何年かぶりに会う人だった。
すごくお世話になった人。久しぶりに声をかけてくれて、懐かしくてご飯を食べてきた。
変わらないねと言われて、変わりましたよと応えて、簡単に近況を話して、懐かしい昔話をして、帰路に着いた。
帰ったら、恋人が聞いてくれるだろう。
「楽しかった?」そこに他意はなく、私が楽しいひと時を過ごしていてほしいと思って聞いてくれる。私だってそうだ。恋人が出かけたときはそう聞いて、どんな会だったかの話題で盛り上がる。

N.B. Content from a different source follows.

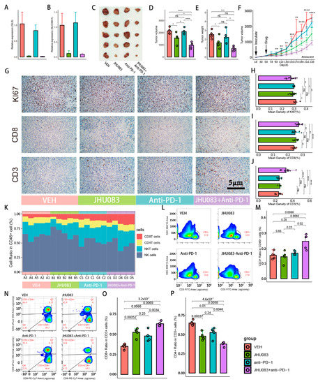Because quantitative immunohistochemical assays are subject to subjectivity and cannot precisely measure cell numbers, we performed flow cytometry to accurately count the abundance of CD8T cells in the tumor tissue. We found a significant increase in T cells for the combined group of PD-1 blocker and JHU083 compared with the individual JHU083 and PD-1 blocker groups (Figure 6L,M). We also counted the numbers of CD8T cells and CD4T cells in the different groups (Figure 6N–P). We detected a higher CD8T cell proportion and a lower CD4T cell proportion in the combined PD-1 blocker and JHU083 group compared with the individual PD-1 blocker and JHU083 groups, but the numbers of CD8T cells and CD4T cells between the PD-1 blocker group and the JHU083 group were not statistically different. Other immune cells, including NKT cells and NK cells, did not change significantly after the administration of the drugs. Sequential changes in the CD8T cells, CD4T cells, NK cells, and NKT cells between the four groups are shown in Figure 6K.

懐かしくて、久しぶりで、確かにあの頃と好意の度合いは同じはずなのに。
久しぶりに会うという新鮮さはあっても、私はもう、あの頃の自分をとっくに忘れてしまった。
どんな顔をすればこの人の言う「変わらないね」なのか、自分でももうよくわからない。
その人が話す当時のエピソードも、私はいくつかすっかり忘れてしまっていて、代わりに私が覚えているものも向こうはいくつか忘れていて。
なじみの友達と遊んだ後とともまた違う、少しの疲労を感じながら帰りの電車に乗り込んだ。
たまたま隣の方の体臭が私には吐き気を催す恐れがあったので、限界まで耐えてからよその空席にうつった。
嫌だったとか、もう会いたくないとか、そういうのとはまた違う。
でも、なんとなく、それだけ、私の今の日常は、私にとっていちばん居心地のいいもので溢れているのだろうと気づいた。